Primulaceae : Myrsine sandwicensis A. DC., M. lessertiana A. DC. ( Johns et al. 2016), Myrsine sp. ( Zimmerman 1978). Myrsine linearifolia Hosaka and M. knudsenii (Rock) Hosaka are new host records (see Remarks).

Biology.

(Figs 8A, 9, 14A). The larvae mine the adaxial side of leaves of Myrsine species, forming a long linear mine (Fig. 9B, G, H). The mine is at first tornus-shaped (Fig. 9C, D, I, J) and the larva broaches the mid vein towards the petiole of the leaf, forming a straight mine; the vein mine and surrounding pattern are red in coloration (Fig. 9F, H) and later instars leave the mid vein usually near the base of the leaf, gradually expanding as they feed and grow forming a full-depth mine (Fig. 9E, F). There were usually one to two mines per leaf (Fig. 9B, G, M). The pupal cocoon is situated outside of the mine, usually on the leaf surface, and also on the woody tissue of the host plant with leaf mines and larvae. At Hawai’i Volcanoes National Park, larvae were collected from leaves that had fallen to the ground and reared to adulthood (Fig. 9A). The adult has been observed during the day (Maui and Hawaii Island), resting on the upper leaf surface of the host plant (Fig. 8A).

DNA barcoding.

BIN BOLD:ADF5435. The two specimens sequenced for COI, one from Maui and one from Hawaii, have identical DNA barcode sequences. The p-distance to the nearest neighbor, P. kauaulaensis , is 6.63%.

Remarks.

We identified two adult moths (Coll ID CJ-144 / GenBank accession no. ID KT982414 and CJ-145) as P. succedanea , based on the presence of a basal black patch on forewing, from which whole bodies were sacrificed for molecular analysis ( Johns et al. 2016; Figs 6O, 12). Zimmerman (1978) did not recognize Walsingham’s (1907) Kauai record of this species because Walsingham had only one specimen at hand, which was in poor condition (specimen data: 1 ♂, Mts [which Mts not further specified], 3-4000 ft., Kauai, vi. 1894 Perkins.27297| PARATYPE 17/17 (?)|'NOT succedanea Det. by E. C. Zimmerman|NHMUK010862812). We could not find the specimen from Kauai.
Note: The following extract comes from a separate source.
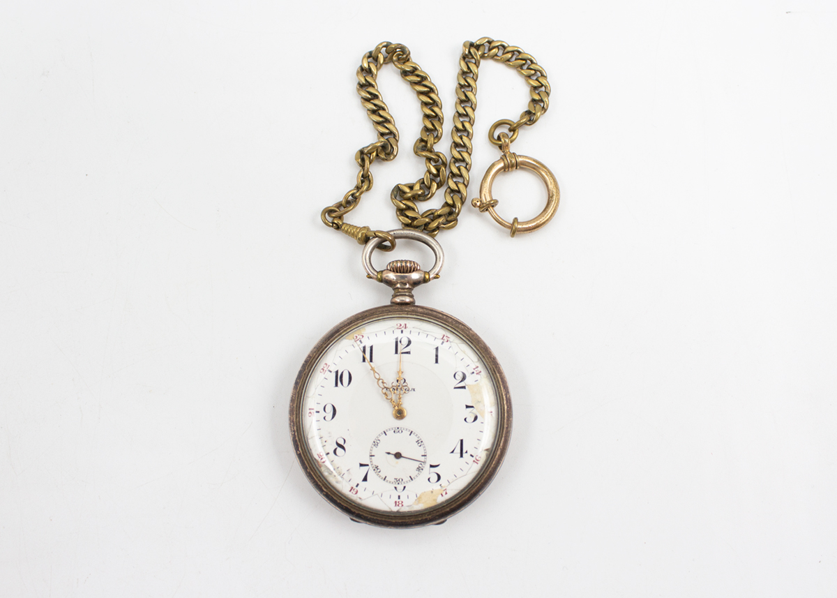 159: (13812-3) Hopeakuorinen taskukello Omega 96,03g/800 br.

However, we found Myrsine knudsenii (Endangered, IUCN) leaves with mines with active larvae from Kokee, Kauai Is. (CJ-433, 442), which were similar in appearance to mines of P. succedanea on M. lessertiana . Judging from these data, we consider the larval mines on M. knudsenii were made by P. succedanea . We also collected active Philodoria leaf mines from M. linearifolia (Endangered, IUCN) at the same location as M. knudsenii , but were unable to rear adult moths. It is thus possible that P. succedanea also mines M. linearifolia , but this needs to be further examined.